L'équitation et la grossesse : Un guide pour les futures mamans
Il est souvent admis que la pratique équestre n'est pas prohibée pour les femmes enceintes en parfaite santé, mais des conditions spécifiques et des restrictions doivent être observées. Ce sujet, éclairé par des spécialistes, est essentiel pour assurer la sécurité de la mère et de l'enfant.
Les expertes consultées mettent en avant l'importance de la prudence et de l'écoute de son corps. Il est fortement déconseillé de débuter l'équitation pendant la grossesse si l'on n'est pas déjà une cavalière expérimentée. Pour celles qui pratiquent régulièrement, il est généralement possible de continuer jusqu'au quatrième ou cinquième mois de grossesse. Au-delà, les changements physiologiques, tels que la modification du centre de gravité et l'inconfort croissant, augmentent les risques de chutes et de douleurs sciatiques. Cependant, le fœtus reste protégé par le liquide amniotique. Le port d'un soutien-gorge de sport est recommandé pour le confort, tandis que la ceinture de grossesse n'est pas indispensable pour les cavalières en bonne forme physique. L'activité doit rester un loisir, privilégiant le pas ou le trot léger, pour une durée modérée, afin de bénéficier de ses effets relaxants et de ses bienfaits physiques sans excès. Plusieurs contre-indications médicales imposent l'arrêt immédiat de l'équitation, notamment les antécédents de fausses couches, l'insuffisance cervicale, les grossesses à risque, la prééclampsie ou les menaces d'accouchement prématuré. En outre, toute apparition de saignements, de douleurs pelviennes ou de contractions doit entraîner l'arrêt de la pratique. Les à-coups sur la selle peuvent également fragiliser le périnée et provoquer des fuites urinaires.
La reprise de l'équitation après l'accouchement doit être progressive et attentive aux signaux du corps. La rééducation périnéale est une étape incontournable et doit être complète avant de remonter à cheval, souvent complétée par une rééducation abdominale pour minimiser les risques de fuites urinaires et de prolapsus. Cela signifie que la reprise de l'équitation n'est généralement pas conseillée avant cinq mois post-accouchement. En cas de césarienne, un avis médical est nécessaire et une attente d'au moins trois mois est recommandée.

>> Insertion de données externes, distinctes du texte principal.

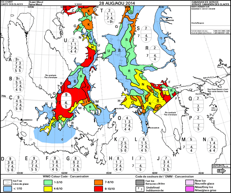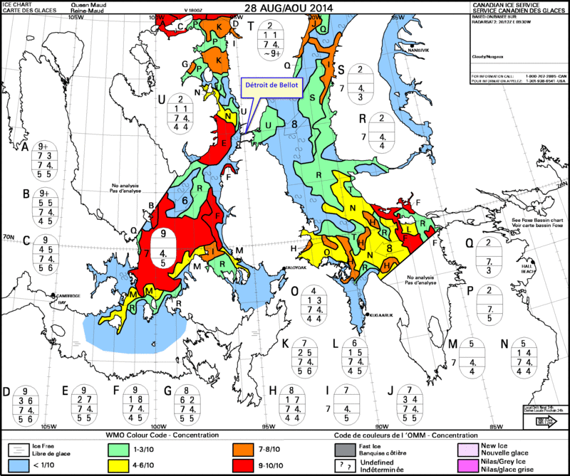 Philippe a essayé la remontée de Peel Sound devant l'obstruction à l'ouest du détroit de Bellot et les vents d'est risquant d'amasser la glace à l'entrée est de ce même détroit. Il est arrivé jusqu'à la pointe nord ouest de Somerset Island à 74°06' N 95°54' O (point rouge sur la carte noir & blanc) mais il s'est heurté à une langue de glace épaisse et compacte qu'il n'a pas pu franchir. Il redescend donc vers le détroit de Bellot en espérant que la situation ne va pas s'y dégrader.

La réadaptation à l'activité physique doit se faire en douceur, en augmentant progressivement la durée et l'intensité, afin de renouer en toute sécurité avec cette passion et de renforcer le lien avec son cheval.

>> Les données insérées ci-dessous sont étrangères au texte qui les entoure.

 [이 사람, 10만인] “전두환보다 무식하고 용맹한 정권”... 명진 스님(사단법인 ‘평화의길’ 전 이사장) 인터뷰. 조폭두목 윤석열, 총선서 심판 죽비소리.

L'équitation, pratiquée avec discernement et en respectant les étapes clés de la grossesse et de la période post-partum, peut enrichir la vie des futures et jeunes mamans, en leur offrant un espace de bien-être physique et mental, essentiel pour affronter les défis de la maternité avec force et sérénité. Elle symbolise une connexion profonde avec la nature et l'animal, source de joie et d'équilibre.